ASSIGNED TASK: Could you give back exactly the lines below from the one with "Set of Burned" through the one with "Celoten 20-delni komplet", without a single picture?

INFORMATION PROVIDED:

* * * *

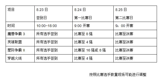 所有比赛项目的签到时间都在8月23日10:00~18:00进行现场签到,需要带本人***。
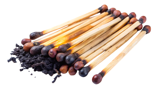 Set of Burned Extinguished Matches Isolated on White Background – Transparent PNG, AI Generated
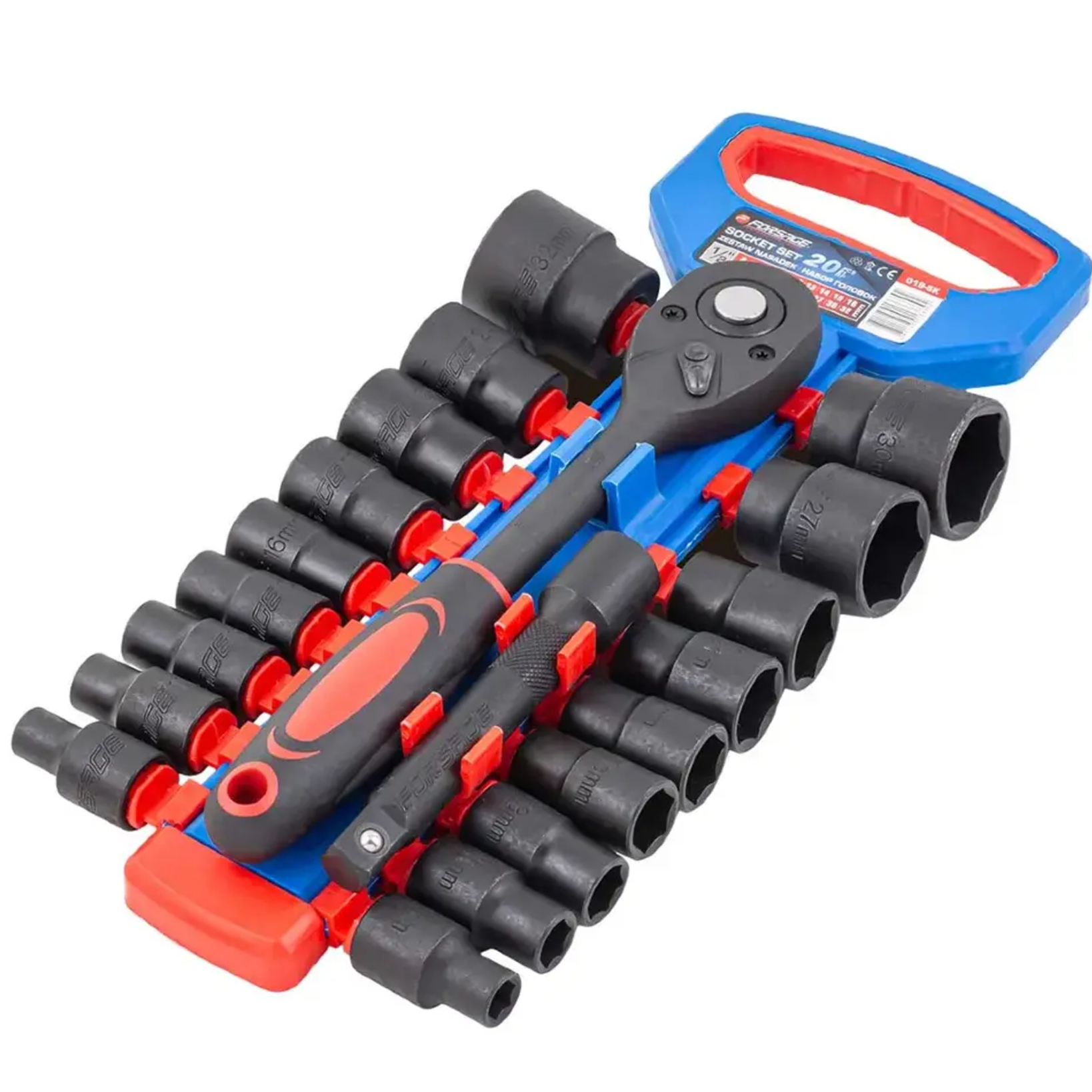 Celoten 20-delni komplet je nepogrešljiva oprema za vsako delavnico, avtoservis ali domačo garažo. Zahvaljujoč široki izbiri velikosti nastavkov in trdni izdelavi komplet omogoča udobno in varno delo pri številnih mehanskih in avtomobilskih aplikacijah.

* * * *

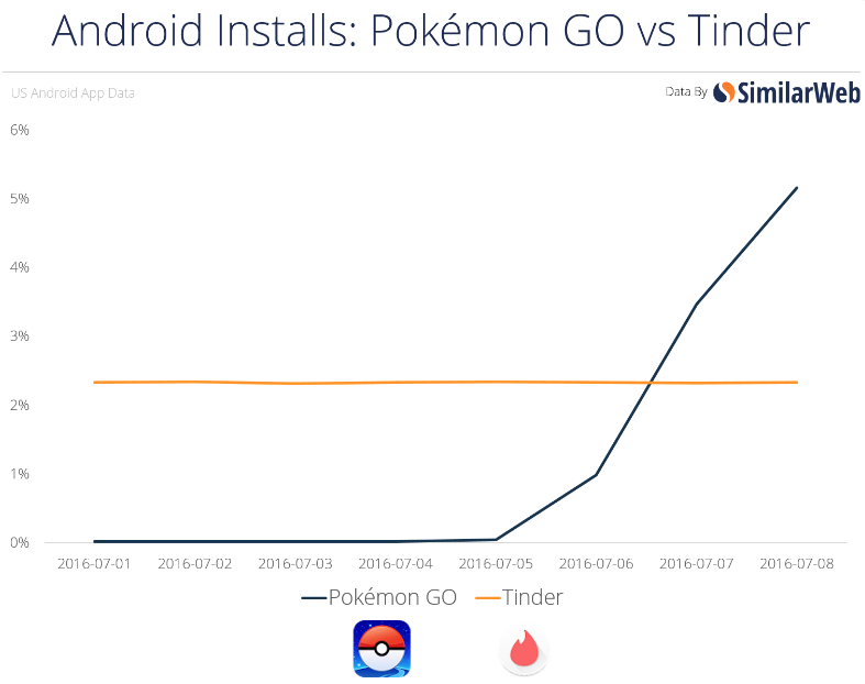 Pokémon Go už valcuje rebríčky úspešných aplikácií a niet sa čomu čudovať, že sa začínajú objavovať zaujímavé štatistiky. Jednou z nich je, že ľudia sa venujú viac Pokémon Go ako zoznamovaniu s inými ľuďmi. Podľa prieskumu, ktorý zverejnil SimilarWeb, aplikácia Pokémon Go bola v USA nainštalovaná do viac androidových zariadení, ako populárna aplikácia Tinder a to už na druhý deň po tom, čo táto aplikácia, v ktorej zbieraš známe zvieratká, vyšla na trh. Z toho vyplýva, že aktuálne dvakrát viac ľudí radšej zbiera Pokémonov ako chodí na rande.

* * * *

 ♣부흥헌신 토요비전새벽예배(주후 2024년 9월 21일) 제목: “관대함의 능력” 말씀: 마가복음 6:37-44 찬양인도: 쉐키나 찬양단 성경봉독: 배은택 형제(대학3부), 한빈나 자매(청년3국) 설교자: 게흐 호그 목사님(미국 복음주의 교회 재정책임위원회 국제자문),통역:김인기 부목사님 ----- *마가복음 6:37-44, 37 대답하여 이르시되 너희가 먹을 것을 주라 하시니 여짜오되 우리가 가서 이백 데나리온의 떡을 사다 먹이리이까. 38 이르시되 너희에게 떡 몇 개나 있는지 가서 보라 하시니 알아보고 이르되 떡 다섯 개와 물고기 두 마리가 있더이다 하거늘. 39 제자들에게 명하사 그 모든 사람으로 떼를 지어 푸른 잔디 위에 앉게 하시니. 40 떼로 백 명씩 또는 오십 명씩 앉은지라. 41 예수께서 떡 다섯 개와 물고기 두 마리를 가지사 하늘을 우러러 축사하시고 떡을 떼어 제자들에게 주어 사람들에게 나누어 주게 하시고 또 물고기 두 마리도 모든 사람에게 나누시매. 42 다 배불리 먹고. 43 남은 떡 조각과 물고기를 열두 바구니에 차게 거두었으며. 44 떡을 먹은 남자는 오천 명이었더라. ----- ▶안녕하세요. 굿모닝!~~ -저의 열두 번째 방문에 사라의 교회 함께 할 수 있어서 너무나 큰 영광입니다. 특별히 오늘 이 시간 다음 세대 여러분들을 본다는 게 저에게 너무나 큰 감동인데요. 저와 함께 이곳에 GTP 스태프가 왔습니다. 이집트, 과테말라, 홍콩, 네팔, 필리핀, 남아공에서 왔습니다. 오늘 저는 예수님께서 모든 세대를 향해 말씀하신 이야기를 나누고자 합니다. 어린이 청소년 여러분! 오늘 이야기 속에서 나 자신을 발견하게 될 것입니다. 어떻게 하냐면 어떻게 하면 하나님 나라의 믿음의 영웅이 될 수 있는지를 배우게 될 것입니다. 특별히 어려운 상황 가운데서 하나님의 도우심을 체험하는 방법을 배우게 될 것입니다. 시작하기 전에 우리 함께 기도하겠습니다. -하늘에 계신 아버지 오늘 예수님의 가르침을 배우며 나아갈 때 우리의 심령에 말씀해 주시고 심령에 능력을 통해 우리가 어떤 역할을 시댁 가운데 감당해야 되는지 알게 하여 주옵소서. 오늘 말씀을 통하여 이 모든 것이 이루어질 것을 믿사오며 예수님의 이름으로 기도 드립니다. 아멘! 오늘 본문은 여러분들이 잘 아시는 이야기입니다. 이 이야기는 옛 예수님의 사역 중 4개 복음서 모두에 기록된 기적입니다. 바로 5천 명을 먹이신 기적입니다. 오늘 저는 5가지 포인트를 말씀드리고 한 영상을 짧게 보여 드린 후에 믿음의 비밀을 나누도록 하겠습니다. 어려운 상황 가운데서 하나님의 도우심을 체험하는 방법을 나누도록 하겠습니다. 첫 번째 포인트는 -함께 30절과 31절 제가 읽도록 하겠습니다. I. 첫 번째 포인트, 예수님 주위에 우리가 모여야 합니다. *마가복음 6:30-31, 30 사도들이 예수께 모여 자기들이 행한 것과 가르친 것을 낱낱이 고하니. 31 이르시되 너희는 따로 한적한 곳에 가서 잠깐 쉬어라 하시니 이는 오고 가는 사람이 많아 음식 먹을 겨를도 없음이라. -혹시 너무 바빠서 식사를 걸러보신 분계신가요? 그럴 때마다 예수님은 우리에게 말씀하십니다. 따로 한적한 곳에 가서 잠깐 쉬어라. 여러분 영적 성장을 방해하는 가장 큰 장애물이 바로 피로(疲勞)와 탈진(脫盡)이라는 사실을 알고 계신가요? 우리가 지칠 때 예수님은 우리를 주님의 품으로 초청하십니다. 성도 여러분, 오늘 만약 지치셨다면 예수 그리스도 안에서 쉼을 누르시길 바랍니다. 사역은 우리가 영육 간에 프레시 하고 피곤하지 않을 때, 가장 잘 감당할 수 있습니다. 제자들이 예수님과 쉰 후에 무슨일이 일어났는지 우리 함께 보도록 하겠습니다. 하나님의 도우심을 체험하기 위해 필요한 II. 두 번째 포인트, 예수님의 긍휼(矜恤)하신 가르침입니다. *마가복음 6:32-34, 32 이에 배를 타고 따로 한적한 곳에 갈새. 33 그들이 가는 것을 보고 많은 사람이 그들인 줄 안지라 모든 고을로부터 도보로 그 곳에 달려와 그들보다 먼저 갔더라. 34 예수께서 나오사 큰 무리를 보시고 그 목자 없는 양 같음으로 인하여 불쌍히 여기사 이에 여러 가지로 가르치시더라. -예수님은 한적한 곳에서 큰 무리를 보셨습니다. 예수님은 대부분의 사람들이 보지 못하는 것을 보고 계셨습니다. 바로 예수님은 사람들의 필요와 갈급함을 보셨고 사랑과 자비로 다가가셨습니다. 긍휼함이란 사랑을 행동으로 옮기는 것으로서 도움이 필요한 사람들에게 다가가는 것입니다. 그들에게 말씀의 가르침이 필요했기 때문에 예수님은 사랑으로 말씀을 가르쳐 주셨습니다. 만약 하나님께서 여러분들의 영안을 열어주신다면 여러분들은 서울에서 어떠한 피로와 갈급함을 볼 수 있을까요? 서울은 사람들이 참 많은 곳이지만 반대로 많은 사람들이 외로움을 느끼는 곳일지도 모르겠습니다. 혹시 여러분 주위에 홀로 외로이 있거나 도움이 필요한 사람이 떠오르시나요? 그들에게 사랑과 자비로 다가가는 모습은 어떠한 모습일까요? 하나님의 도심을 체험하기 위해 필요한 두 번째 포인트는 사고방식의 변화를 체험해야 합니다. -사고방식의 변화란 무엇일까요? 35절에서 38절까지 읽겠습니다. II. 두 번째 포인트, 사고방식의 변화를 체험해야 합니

* * * *

EXERCISE OUTPUT:
 Set of Burned Extinguished Matches Isolated on White Background – Transparent PNG, AI Generated
 Celoten 20-delni komplet je nepogrešljiva oprema za vsako delavnico, avtoservis ali domačo garažo. Zahvaljujoč široki izbiri velikosti nastavkov in trdni izdelavi komplet omogoča udobno in varno delo pri številnih mehanskih in avtomobilskih aplikacijah.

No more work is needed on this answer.